17 ナノカーボン » 17.1 カーボンナノチューブ,他のナノカーボン材料

[13a-N306-1~11] 17.1 カーボンナノチューブ,他のナノカーボン材料

2021年9月13日(月) 09:00 〜 12:00 N306 (口頭)

森本 崇宏(産総研)、林 靖彦(岡山大)

11:45 〜 12:00

[13a-N306-11] In situ TEM observation of silicon-carbon nanofiber composites structural transformation via joule heat

〇(P)Yazid Yaakob1,2、Masaki Tanemura1 (1.Nagoya Inst. of Tech、2.Univ. Putra Malaysia)

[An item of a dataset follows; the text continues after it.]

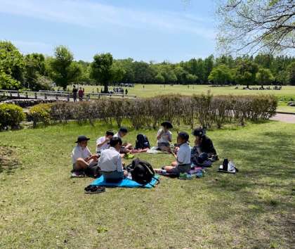 美しい自然の中で、おいしいお弁当にみんな舌鼓を打っていました。

キーワード:in situ TEM, graphitization, joule heat

Carbon nanostructures (CNS) such as carbon nanotubes (CNTs), carbon nanofibers (CNFs) and graphene attracts much attention owing to their outstanding electrical properties for various application such as electrical wires and electron emission sources. Basically, catalysts were required to synthesize those materials using conventional method like chemical vapor deposition (CVD), arc-discharge and pulse laser deposition. However, the details of the CNS formation were still remained unclear. It is necessary to understand the interaction between carbon and other catalytic materials as it is one of the key-point in order to produce high quality materials in a large scale. In this work, we will demonstrate structural transformation of Si-CNF composite via joule heating through current flow using in situ TEM facilities.
Sample were grown on the edge of graphite foil of 100 µm thickness by co-sputtering the graphite foil and Si plate, using Ar ion irradiation at room temperature1). The basal and working pressures of the chamber were 1 × 10-5 Pa and 5 × 10-2 Pa, respectively. The sample and tungsten (W) nanoprobe were mounted on a special TEM holder, which act as cathode and anode, respectively. The I-V measurements were carried out while observing the structural transformation of the composite CNF using in situ TEM2). Fig. 1(a) shows initial structure of Si-CNF composites which composed of amorphous structures. During I-V measurement, at 776 nA, the current suddenly increase significantly, aligned with structural change of Si-CNF to graphitic structure that have been observed (Fig. 1b) at the same time.